星明かりが足元を照らすように瞬く下を、併設された駐車場に駐めた車に向かって歩く。荷物が間に挟まっているのでもないのに、微妙な距離を空ける千賀さん。訳もなく淋しくなって、私はそっと千賀さんの手に触れた。

「あああ、灯里ちゃん?」

驚いて振り返った千賀さんは、酷く焦ったように自分の手を引っ込めた。まるで拒絶する如く。

「違う違う勘違い!」

居たたまれずに謝ろうと口を開きかけた私を、千賀さんが動揺しまくりで制した。

「嬉しいんだよ。嬉しいんだけど、まともに灯里ちゃんと手を繋いだことがないから、びっくりしただけで」

思わず目を瞬いた。さっき人前で私の頭を撫でていた人の言葉だろうか。それに抱き締められたことも二度程あった筈なのに、ただお互いの手が触れただけで、大の大人がここまで大騒ぎするのはおかしい。

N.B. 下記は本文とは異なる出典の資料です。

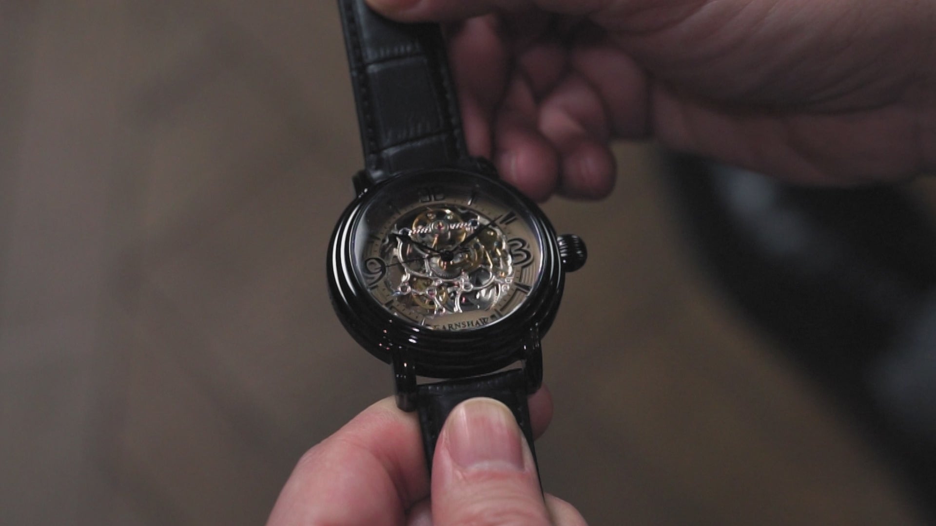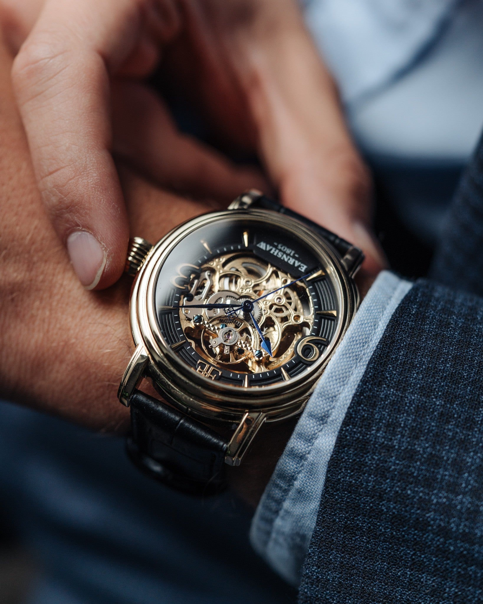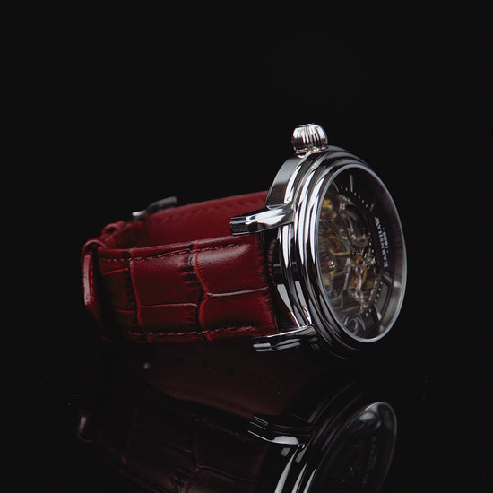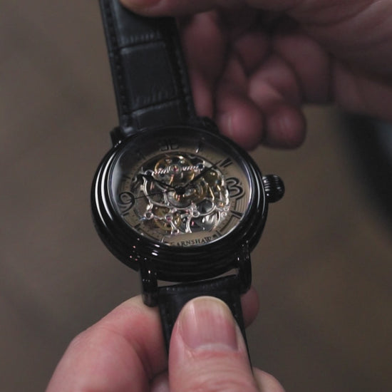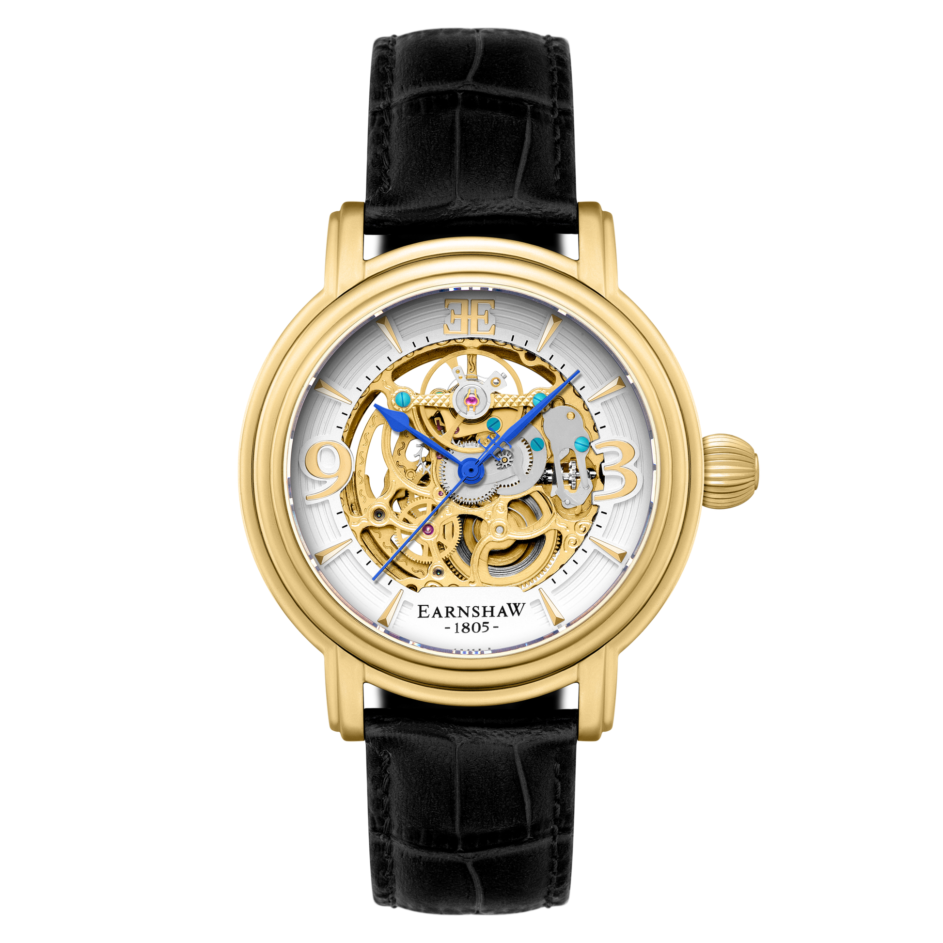 The Thomas Earnshaw Longcase Grande represents horological craftsmanship at its finest. This 48mm timepiece showcases a skeletonized automatic movement, revealing the intricate mechanical artistry that powers each passing second. The substantial case diameter commands presence on the wrist, while the open dial design offers an unobstructed view of the watch's beating heart. Crafted for the discerning collector who appreciates engineering excellence and traditional watchmaking heritage, this strap watch delivers both visual sophistication and reliable timekeeping performance.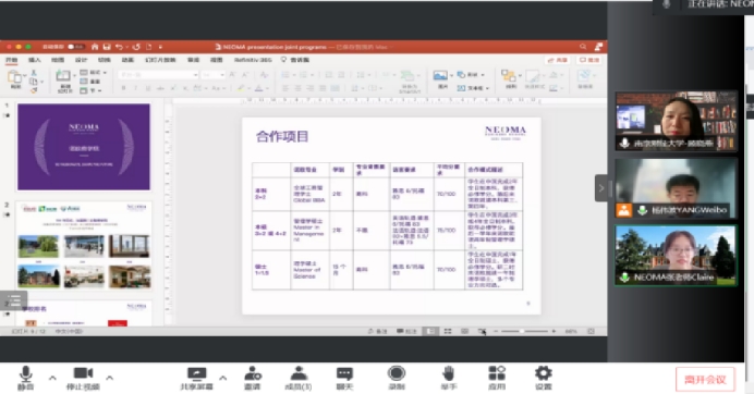 2022年6月23日下午,肉视频 院长助理顾晓燕老师与法国诺欧商学院(NEOMA Business School)中国办事处负责人张晶莹女士召开在线会议,商谈合作模式,初步达成合作意向。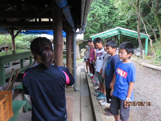 朝ご飯終了後、施設職員さんによる、厳しい野外炊飯用具チェック!をうけました。緊張・・・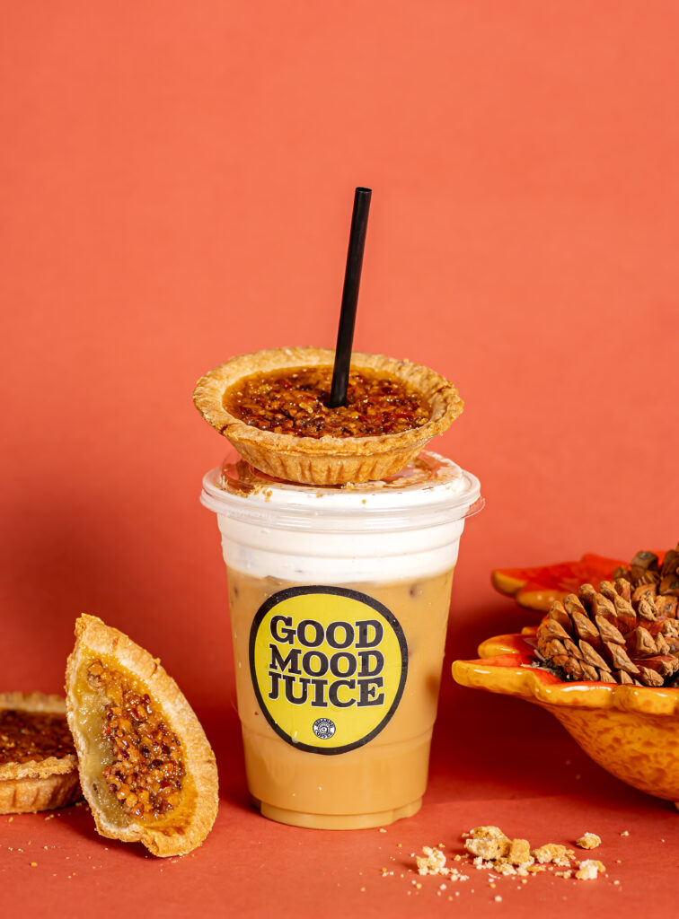 Their inspiration for the fall menu is rooted in holiday traditions, and they wanted to build off the success of last year’s surprise seasonal hit. “Everybody loved the [Pecan Pie Chai] last time, but they really wanted it earlier [in the season]—pecan pie is such a staple for Thanksgiving,” she says. “The flavor profiles for pecan pairs better in the fall, so this year we’ve sold way more than last year.”

「あのね、自分が一方的に押していくのと、灯里ちゃんから行動されるのは別」

顔を半分覆って参ったとため息をつく千賀さんは、結婚初日に私を寝室に誘えず、水を飲んでリビングから去っていくしかなかった彼そのもの。

「あなたは中学生ですか」

真相を聞いたときと同じ反応を返す私に、千賀さんはむすっと口を尖らせる。

「うるさい。灯里ちゃんといると、どうしても高校時代の自分に戻るから、必死で大人の男を取り繕っていたのに、全然格好つかないじゃないか」

「最初からヘタレだったんじゃ」

「それはないだろ」

年上の男性に失礼かもしれないが、膨れる千賀さんのギャップが面白くて、私はえいっとばかりに彼の手を握った。

「……っ!」

ああもう本当に君って人は。そんな呟きが微かに耳を掠め、不思議とくすぐったい気分になる。

「俺、手汗かいてない?」

私に引っ張られるように歩きながら、千賀さんが恐る恐る訊ねた。

「あったかいですよ」

「力入れ過ぎてない? 痛くない?」

「もっと強くてもいいくらいですよ」

「本気でまずい」

ふいに千賀さんが足を止めた。潤んだ双眸で私を見下ろしている。

「灯里ちゃんが好き過ぎて、この先どうしていいか分からない」

夜でなければ、私はたぶん世の中のどの絵の具よりも真っ赤に染め上がっていたことだろう。